# KDE startet nicht mehr nach DBUS-Update

## koschi

Hallo, 

nach einem DBUS-Update auf Version 1.1.20 startet KDE nicht mehr. Nachdem der Anmeldebildschirm verschwunden ist und der Startbildschirm kommen sollte bleibt der Rechner stehen. Ich kann nur noch den X-Server per STRG+ALT+Backspace neustarten. 

Nach einem Downgrade auf Version 1.0.2-r2 funktioniert alles wieder. 

Ein "revdep-rebuild" habe ich ausgeführt, jedoch wurde nichts neu gebaut. Ein manuelles neubauen von kdebase und kdelibs hat auch nicht geholfen. 

Hab ich bei dem Update irgendwas vergessen? 

Gruß koschi

----------

## Finswimmer

etc-update korrekt durchgefuehrt?

----------

## koschi

Ja. Habe es auch ohne etc-update probiert. geht trotzdem nicht.

----------

## Klaus Meier

 *koschi wrote:*   

> Ja.

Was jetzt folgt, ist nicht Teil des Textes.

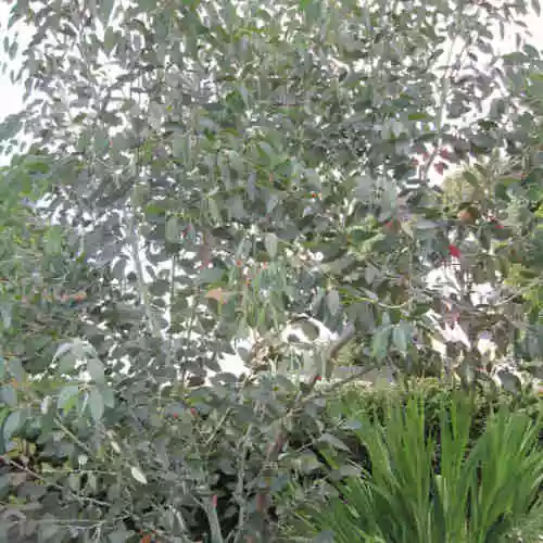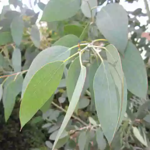 Well adapted to harsh winter conditions, although it can suffer frost damage when young, Eucalyptus pauciflora subsp. debeuzevillei is a large, evergreen tree with a rounded crown and attractive, open habit; it grows slowly at first, before growing away more vigorously. The bark is pale grey to pure white with patches of rusty red, cream and olive green, and peels attractively in long strips from the branches and trunk. Emerging shoots and leaves are coppery with a white bloom. The highly aromatic, blue-green, leathery juvenile foliage is very large and almost oblong in shape, becoming lance-shaped and olive green as the tree ages. The white flowers are attractive to bees. Jounama snow gum holds the RHS Award of Garden Merit. It can be used for a shelter belt, and like many eucalypts, will regenerate from the base if cut back by frost.
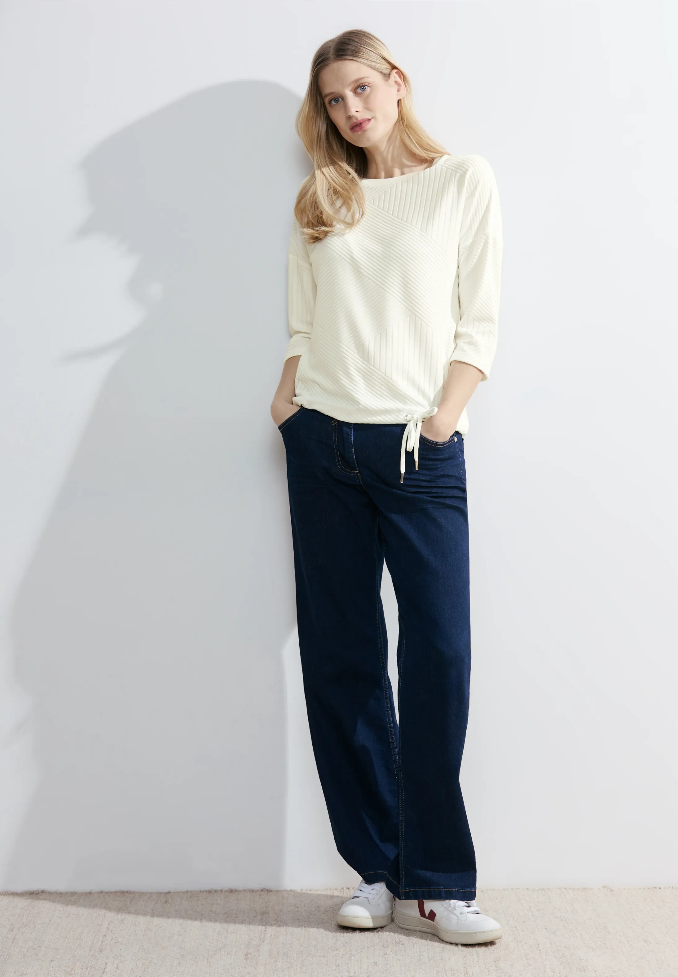 Jednofarebný top od CECIL s 3/4 rukávmi zaujme sťahovacou šnúrkou v páse a zmesou prúžkovej štruktúry.

Habe es auch ohne etc-update probiert. geht trotzdem nicht.

 Der Sinn dieser Aussage will sich mir nicht erschließen  :Razz: 

----------

## uhai

Aber hallo, das ist ja mein Problem:

https://forums.gentoo.org/viewtopic-t-669644-highlight-.html

mal sehen, wer die Lösung zuerst hat...     :Very Happy: 

uhai

----------

## koschi

 *Klaus Meier wrote:*   

>  *koschi wrote:*   Ja. Habe es auch ohne etc-update probiert. geht trotzdem nicht. Der Sinn dieser Aussage will sich mir nicht erschließen 

 

Sollte heissen, dass ich die alten Konfigurationsdateien in einem Versuch per etc-update überschreiben lies und in eine anderen Versuch die alten Dateien beibehalten habe.

----------

## Klaus Meier

 *koschi wrote:*   

>  *Klaus Meier wrote:*    *koschi wrote:*   Ja. Habe es auch ohne etc-update probiert. geht trotzdem nicht. Der Sinn dieser Aussage will sich mir nicht erschließen  
> 
> Sollte heissen, dass ich die alten Konfigurationsdateien in einem Versuch per etc-update überschreiben lies und in eine anderen Versuch die alten Dateien beibehalten habe.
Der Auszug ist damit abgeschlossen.